*** The input Section Begins ***
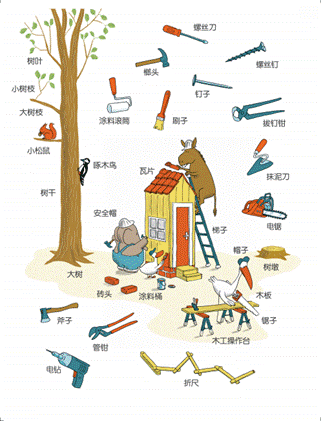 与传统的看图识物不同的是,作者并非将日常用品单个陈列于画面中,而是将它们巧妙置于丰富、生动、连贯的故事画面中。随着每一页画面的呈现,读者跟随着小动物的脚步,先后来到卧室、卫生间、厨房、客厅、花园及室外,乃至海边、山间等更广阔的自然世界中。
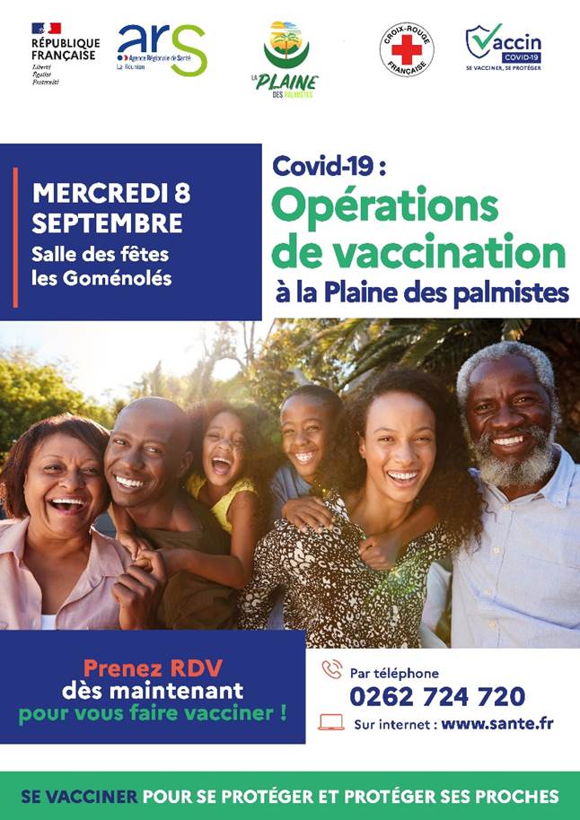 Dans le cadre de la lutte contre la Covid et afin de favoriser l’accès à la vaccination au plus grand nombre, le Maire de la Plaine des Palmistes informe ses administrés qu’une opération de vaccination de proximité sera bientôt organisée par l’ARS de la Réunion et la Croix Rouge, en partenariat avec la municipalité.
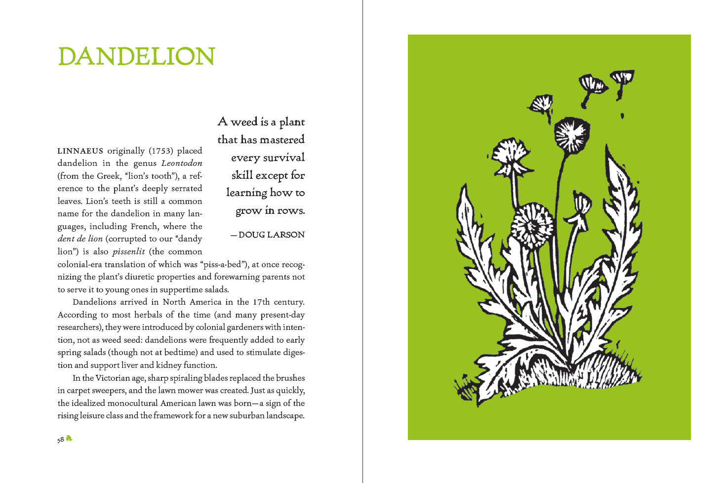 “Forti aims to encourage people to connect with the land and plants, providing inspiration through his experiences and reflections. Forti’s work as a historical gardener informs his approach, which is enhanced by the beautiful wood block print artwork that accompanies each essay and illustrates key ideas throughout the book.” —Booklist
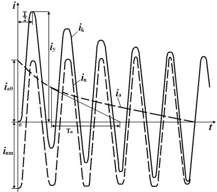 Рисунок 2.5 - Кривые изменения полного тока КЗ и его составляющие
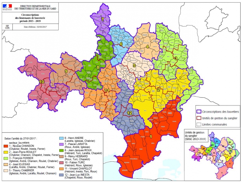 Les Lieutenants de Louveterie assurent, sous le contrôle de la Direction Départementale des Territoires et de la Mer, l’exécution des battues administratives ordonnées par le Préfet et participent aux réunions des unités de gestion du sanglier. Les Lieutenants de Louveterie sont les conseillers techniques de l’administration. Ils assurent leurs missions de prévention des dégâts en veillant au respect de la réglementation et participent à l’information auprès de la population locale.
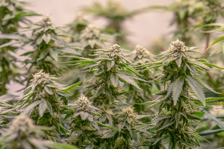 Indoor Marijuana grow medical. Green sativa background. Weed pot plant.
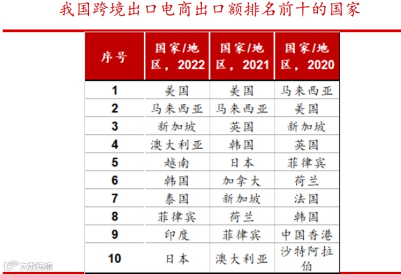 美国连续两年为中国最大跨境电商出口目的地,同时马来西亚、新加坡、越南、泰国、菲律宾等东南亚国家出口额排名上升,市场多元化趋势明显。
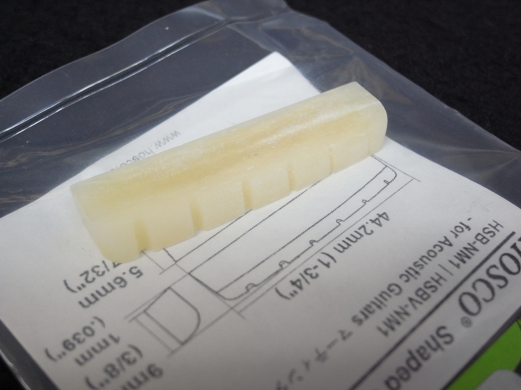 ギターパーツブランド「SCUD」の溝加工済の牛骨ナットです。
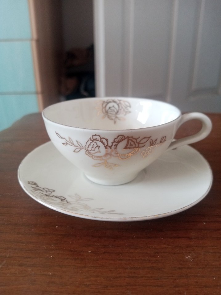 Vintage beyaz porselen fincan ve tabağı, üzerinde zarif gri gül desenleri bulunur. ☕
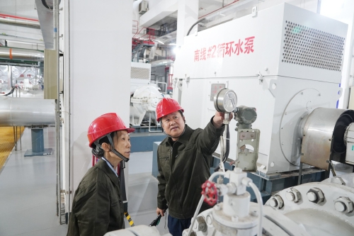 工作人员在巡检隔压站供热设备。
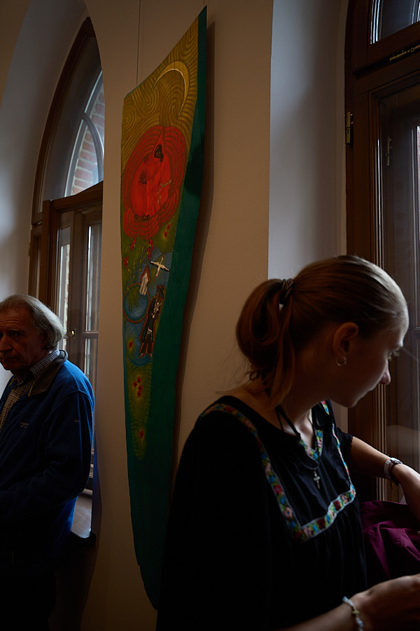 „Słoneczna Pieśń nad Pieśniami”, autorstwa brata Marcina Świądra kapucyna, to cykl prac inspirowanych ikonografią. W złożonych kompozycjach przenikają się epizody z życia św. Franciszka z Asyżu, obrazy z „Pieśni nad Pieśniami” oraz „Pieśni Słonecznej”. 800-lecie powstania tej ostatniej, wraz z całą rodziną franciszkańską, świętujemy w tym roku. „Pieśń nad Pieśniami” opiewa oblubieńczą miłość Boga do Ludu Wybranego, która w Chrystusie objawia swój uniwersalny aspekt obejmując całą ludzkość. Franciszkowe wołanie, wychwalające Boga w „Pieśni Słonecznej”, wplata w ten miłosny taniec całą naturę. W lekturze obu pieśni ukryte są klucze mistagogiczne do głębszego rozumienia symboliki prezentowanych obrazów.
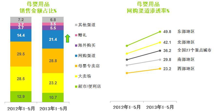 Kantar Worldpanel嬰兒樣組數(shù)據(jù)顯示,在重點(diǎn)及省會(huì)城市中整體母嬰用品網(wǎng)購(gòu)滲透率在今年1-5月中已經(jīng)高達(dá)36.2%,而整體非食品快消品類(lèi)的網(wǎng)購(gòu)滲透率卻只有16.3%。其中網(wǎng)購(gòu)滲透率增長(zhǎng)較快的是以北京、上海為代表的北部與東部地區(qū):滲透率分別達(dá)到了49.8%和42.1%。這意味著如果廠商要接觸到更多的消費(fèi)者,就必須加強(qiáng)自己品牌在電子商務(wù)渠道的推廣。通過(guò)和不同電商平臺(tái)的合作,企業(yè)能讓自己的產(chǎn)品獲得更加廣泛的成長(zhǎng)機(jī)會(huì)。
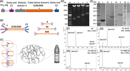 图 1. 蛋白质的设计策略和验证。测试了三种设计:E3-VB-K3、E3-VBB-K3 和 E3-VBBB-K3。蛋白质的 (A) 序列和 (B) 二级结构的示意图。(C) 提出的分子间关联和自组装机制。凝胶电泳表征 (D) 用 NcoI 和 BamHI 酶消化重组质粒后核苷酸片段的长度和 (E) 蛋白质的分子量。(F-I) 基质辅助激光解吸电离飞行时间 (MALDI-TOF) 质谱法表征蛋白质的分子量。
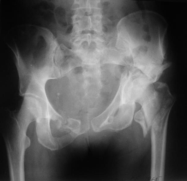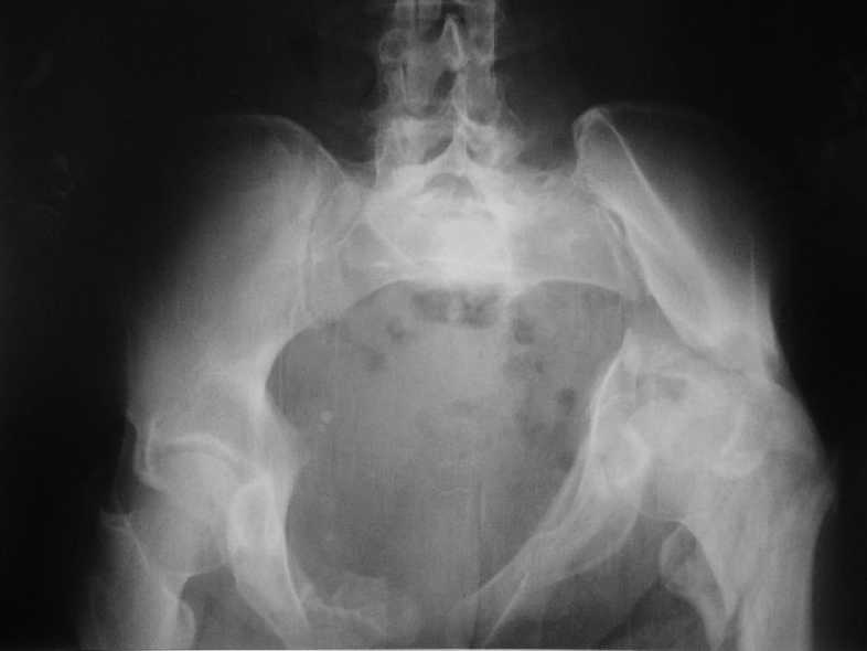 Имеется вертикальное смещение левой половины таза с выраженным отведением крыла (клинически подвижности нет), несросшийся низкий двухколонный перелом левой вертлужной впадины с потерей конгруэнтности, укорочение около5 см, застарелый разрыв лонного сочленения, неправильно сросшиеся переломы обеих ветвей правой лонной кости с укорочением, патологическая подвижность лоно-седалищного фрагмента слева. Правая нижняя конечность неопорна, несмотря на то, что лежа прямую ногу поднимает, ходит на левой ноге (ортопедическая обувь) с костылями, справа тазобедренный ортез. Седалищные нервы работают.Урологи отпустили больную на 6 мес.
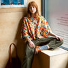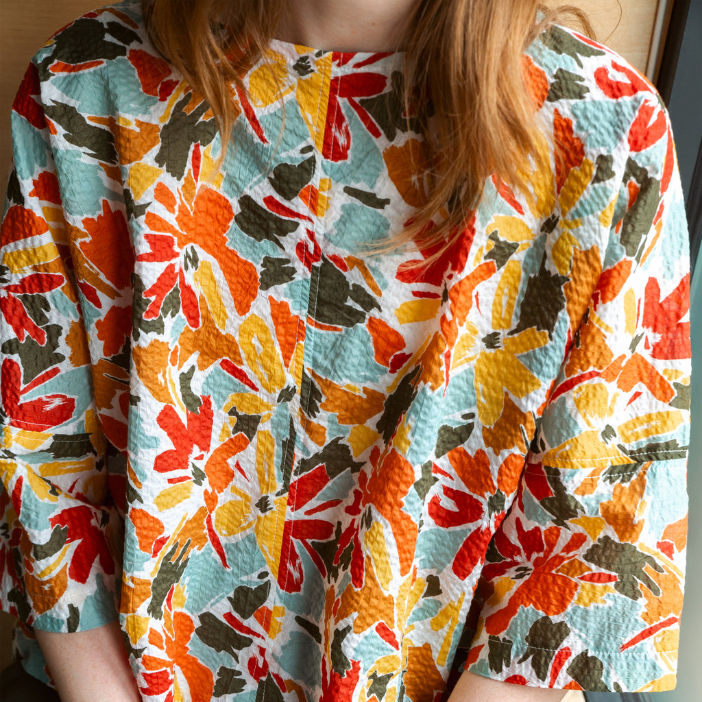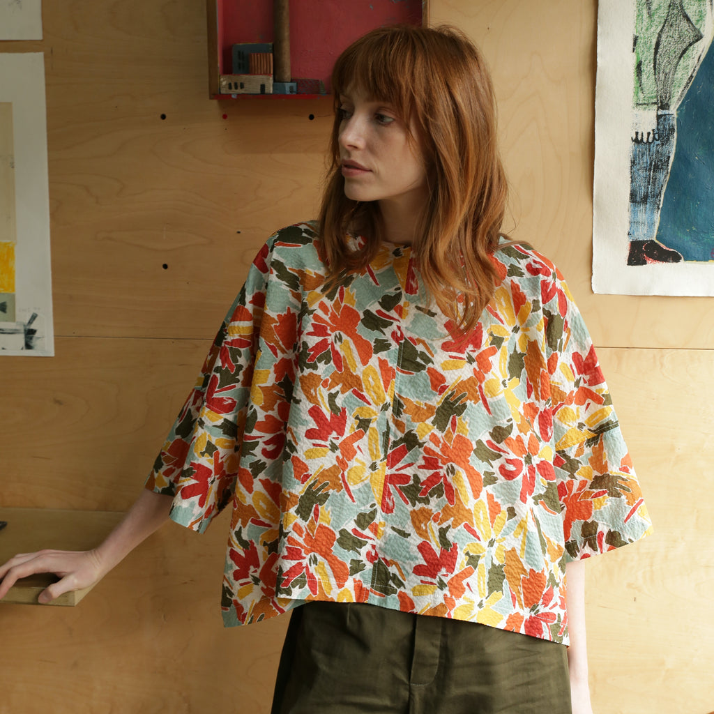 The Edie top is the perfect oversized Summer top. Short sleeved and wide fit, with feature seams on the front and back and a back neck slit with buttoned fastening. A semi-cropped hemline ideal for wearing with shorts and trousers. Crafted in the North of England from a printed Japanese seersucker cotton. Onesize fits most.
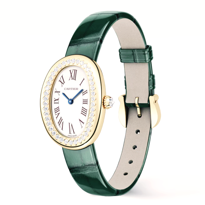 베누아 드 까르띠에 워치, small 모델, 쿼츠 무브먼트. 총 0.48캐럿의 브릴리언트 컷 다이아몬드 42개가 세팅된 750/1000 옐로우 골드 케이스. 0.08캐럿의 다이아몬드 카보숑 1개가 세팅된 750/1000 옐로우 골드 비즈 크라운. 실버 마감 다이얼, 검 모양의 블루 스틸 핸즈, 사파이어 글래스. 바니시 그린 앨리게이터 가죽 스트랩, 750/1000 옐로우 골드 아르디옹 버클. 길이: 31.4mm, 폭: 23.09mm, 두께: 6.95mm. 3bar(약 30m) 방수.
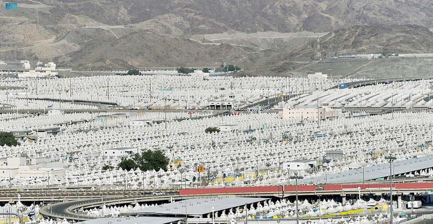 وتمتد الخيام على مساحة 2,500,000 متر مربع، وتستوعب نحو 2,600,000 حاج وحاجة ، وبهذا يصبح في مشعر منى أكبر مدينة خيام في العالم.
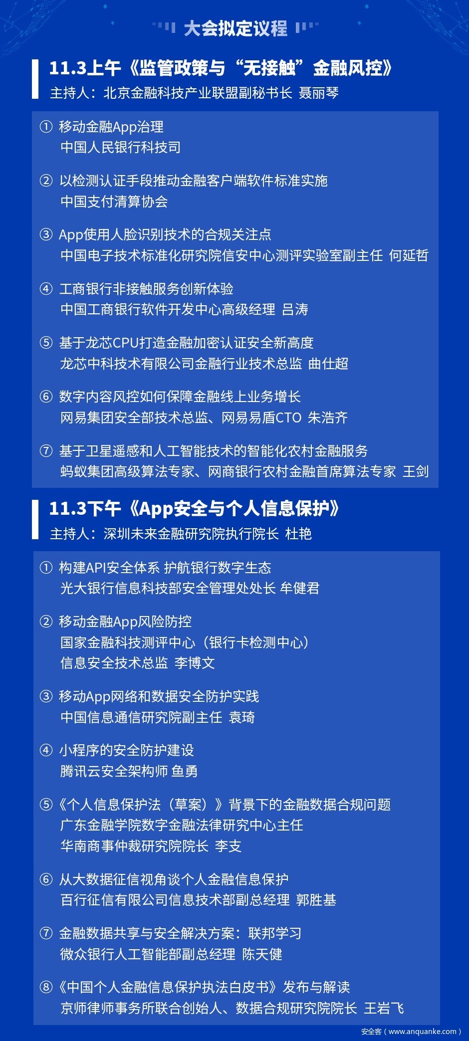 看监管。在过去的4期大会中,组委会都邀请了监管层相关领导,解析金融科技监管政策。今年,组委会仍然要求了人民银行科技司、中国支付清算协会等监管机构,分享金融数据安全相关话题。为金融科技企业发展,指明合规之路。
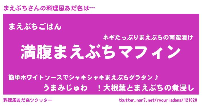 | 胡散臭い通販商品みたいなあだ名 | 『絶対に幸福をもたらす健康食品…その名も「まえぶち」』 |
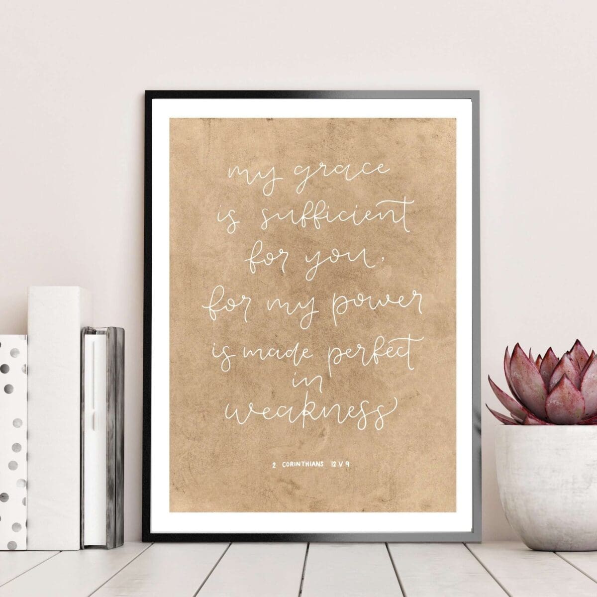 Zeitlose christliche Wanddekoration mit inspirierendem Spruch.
*** The input Section Ends ***
#### Action item
Output exactly, and only, the lines of the entries above from the one with "美国连续两年为中国最大跨境电" up to and including the one with "工作人员在巡检隔压站供热设备。"; pictures are to be left out.

#### Response below
 美国连续两年为中国最大跨境电商出口目的地,同时马来西亚、新加坡、越南、泰国、菲律宾等东南亚国家出口额排名上升,市场多元化趋势明显。
 ギターパーツブランド「SCUD」の溝加工済の牛骨ナットです。
 Vintage beyaz porselen fincan ve tabağı, üzerinde zarif gri gül desenleri bulunur. ☕
 工作人员在巡检隔压站供热设备。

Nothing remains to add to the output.